Ferdinando's political career was not an illustrious one. His reputation is clouded by his notorious treatment of Camilla Faà to whom he was secretly married while still cardinal-duke. For political reasons this marriage was annulled on a technicality and Ferdinando separated his unfortunate lover from her son Giacinto and had her shut up in a series of religious establishments for the rest of her life. In an effort to produce a dynastically more acceptable heir, he then married his cousin Caterina de' Medici, but that marriage remained childless. A further vexed issue was the disputed succession to the Duchy of Monferrato, which Ferdinando was unable to resolve diplomatically and which led finally to war.

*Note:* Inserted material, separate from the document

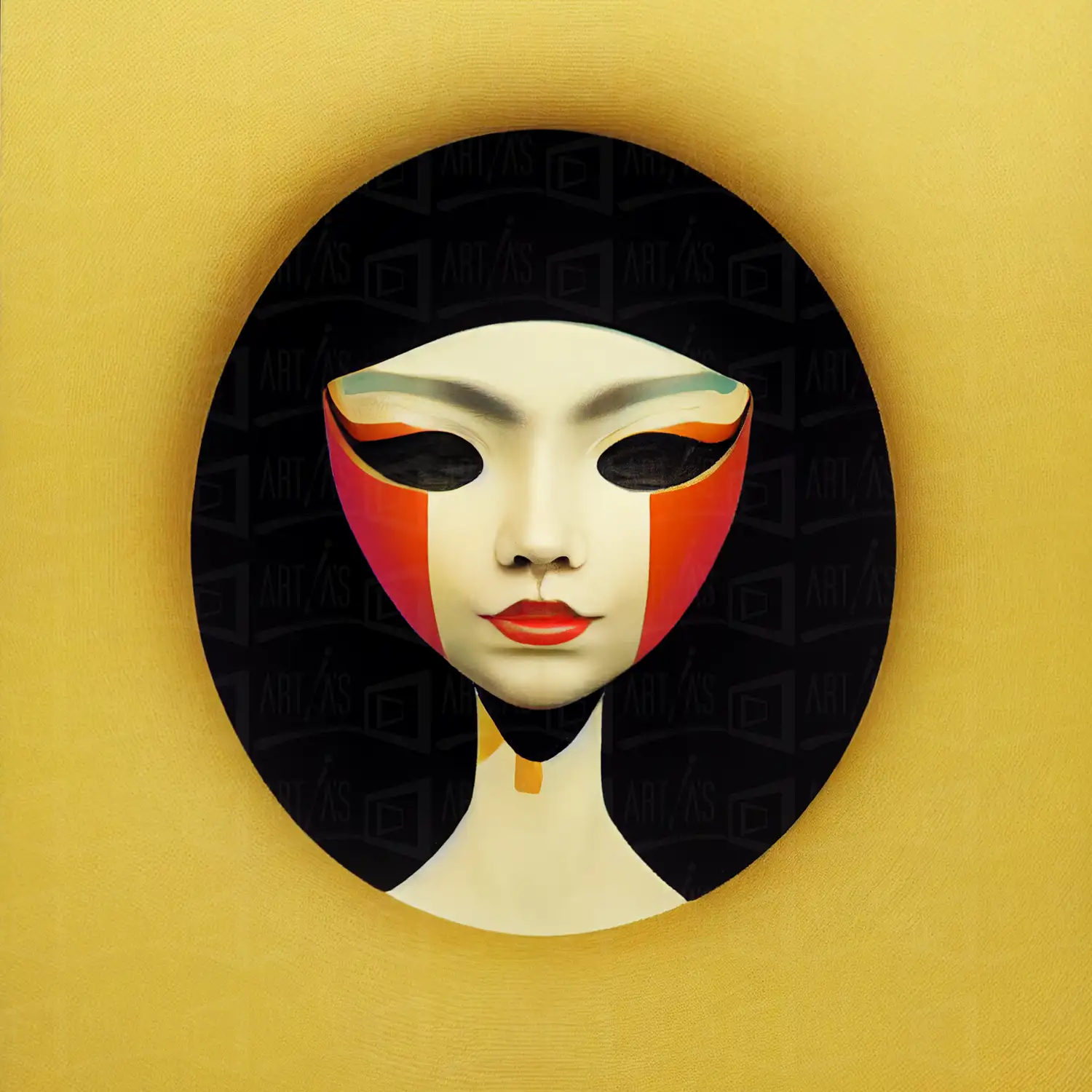 Obra que presenta un retrato estilizado de una figura femenina, destacando un rostro con rasgos geométricos y colores vibrantes. La figura tiene un fondo amarillo que resalta su presencia, mientras que los detalles en la cara incluyen tonos de rojo, negro y naranja. Esta representación juega con la simetría y el contraste, creando un impacto visual que invita a la reflexión sobre la identidad y la estética contemporánea.

Ferdinando's temperament lent itself more to intellectual and artistic than to political pursuits. He took a close interest in the establishment of a university in Mantua and maintained his own wide-ranging interests in the arts and sciences. He remained an active patron, devoting huge sums to the building and decoration of the Villa Favorita outside Mantua (now in ruins) and adding to the family's art collections. The former involved him securing the services of a number of leading painters, notably Guido Reni, who provided four canvases of scenes from the story of Hercules (Louvre); Guercino, who painted an Erminia and the shepherds (Birmingham City Museum and Art Gallery); Giovanni Baglione, who provided a set of Apollo and the nine muses (Arras, Musée des Beaux-Arts), and Francesco Albani, who undertook a cycle of mythological subjects representing the Elements (Louvre). The collection was sold shortly after Ferdinando's death to Charles I of England to help deal with the ruinous financial situation in which Ferdinando's extravagances had left the ducal treasury.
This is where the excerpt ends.